Анна почувствовала, как внутри поднимается волна — не то злости, не то отчаяния. Они опять делают это. Опять заявляются без звонка, без предупреждения, уверенные, что им всегда будут рады. Что их примут, накормят, уложат спать. А то, что у молодой семьи могут быть свои планы, что ребёнок маленький — это никого не волнует.
— Лёша, зятёк, помоги вещи занести! — уже командовала Лидия Петровна. — Толик, сумки в коридоре остались, неси давай! А ты, Аннушка, может, чайку поставишь? С дороги-то устали...
Анна перевела взгляд на мужа, но тот, как загипнотизированный, уже потянулся к сумкам. Всегда так — стоит тётке появиться, и Лёша превращается в послушного мальчика. Не может слово поперёк сказать.
Кирюша, разбуженный шумом и светом, заходился в плаче. Анна чувствовала, как дрожат руки, как перехватывает горло. Нет. Хватит. Сколько можно это терпеть?
— Лидия Петровна, — её голос дрогнул, но она заставила себя говорить твёрдо. — Сегодня не получится. Мы устали, да и ребёнок плохо спит. Простите, но мы не сможем вас принять.
В комнате повисла тишина. Даже Кирюша, словно почувствовав напряжение, притих.
Лидия Петровна застыла с пакетом в руках, медленно повернулась к Анне. На её круглом лице отразилось изумление, быстро сменившееся недоверием.
— Ты что, шутишь? — спросила она таким тоном, будто услышала какую-то нелепицу.

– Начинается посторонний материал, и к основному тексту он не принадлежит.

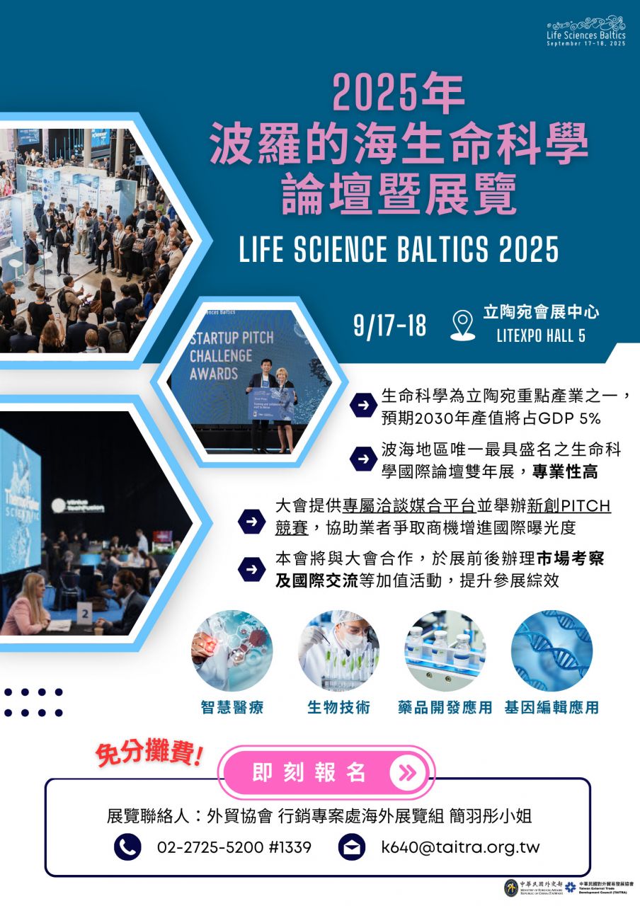 生命科學為立國近年成長最快速之產業之一,「波羅的海生命科學論壇暨展覽」作為歐洲東北部最具盛名之生命科學雙年展,2023年計有33國82家生技企業及39個學術單位參展,並吸引785名高度專業買主參觀。
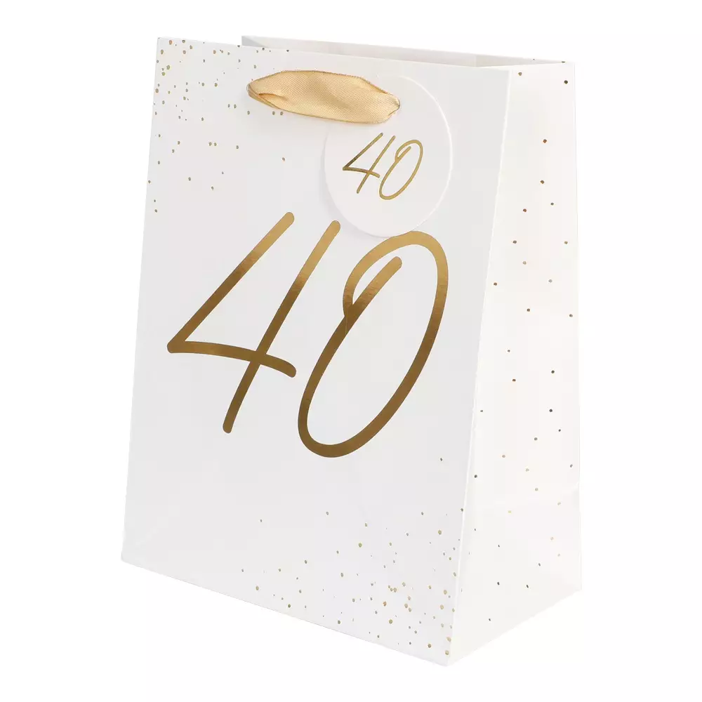 Lahjakassi 40. Valkoinen lahjakassi kullanvärisin tekstein ja nauhoin, mitat 18 cm x 23 cm x 10 cm.

— Нет, не шучу, — Анна старалась говорить спокойно, хотя сердце колотилось где-то в горле. — Мы действительно не можем вас сегодня принять.
Лидия Петровна медленно опустила пакет на пол. В её глазах появилось что-то новое — смесь обиды и недоверия, будто она впервые видела эту молодую женщину, свою невестку.
— Не можете принять?.. — переспросила она, и её голос зазвенел, как натянутая струна. — Родню не можете принять? Мы же с дороги, устали, замёрзли! Я что, должна теперь в гостиницу идти? В моём-то возрасте?
Виктор Иванович переминался с ноги на ногу в прихожей, явно чувствуя себя неловко. Толик демонстративно уткнулся в телефон, делая вид, что его это не касается. А Лёша... Лёша застыл с сумкой в руках, как будто окаменел.
— Понимаете, — Анна сделала глубокий вдох, пытаясь подобрать правильные слова. — Дело не в том, что мы не рады вас видеть. Просто... мы хотим, чтобы у нас было своё личное пространство. Чтобы нас предупреждали заранее о визитах. Это нормально.
— Нормально?! — Лидия Петровна всплеснула руками. — Что ж тут нормального? Раньше люди двери не запирали, всегда друг друга привечали! А теперь, значит, "личное пространство"? Это всё твои новомодные выдумки!
Она повернулась к племяннику:
— Лёша! Ну скажи ты ей! Я же тебя с пелёнок знаю, на руках носила, когда Верочка... — её голос дрогнул при упоминании сестры. — Когда мамы твоей не стало, кто о тебе заботился? А теперь что же, я чужая стала?
Анна почувствовала, как напрягся муж. Она знала этот приём — стоит упомянуть его покойную мать, и Лёша теряется, чувствует себя виноватым. Каждый раз одно и то же.
— Тёть Лид... — наконец выдавил он. — Правда, давай в другой раз? Мы просто не готовы сегодня...
— Вот значит как! — Лидия Петровна побагровела. — Это всё она тебя настроила! Это она тебя против родни восстанавливает! А ты и уши развесил!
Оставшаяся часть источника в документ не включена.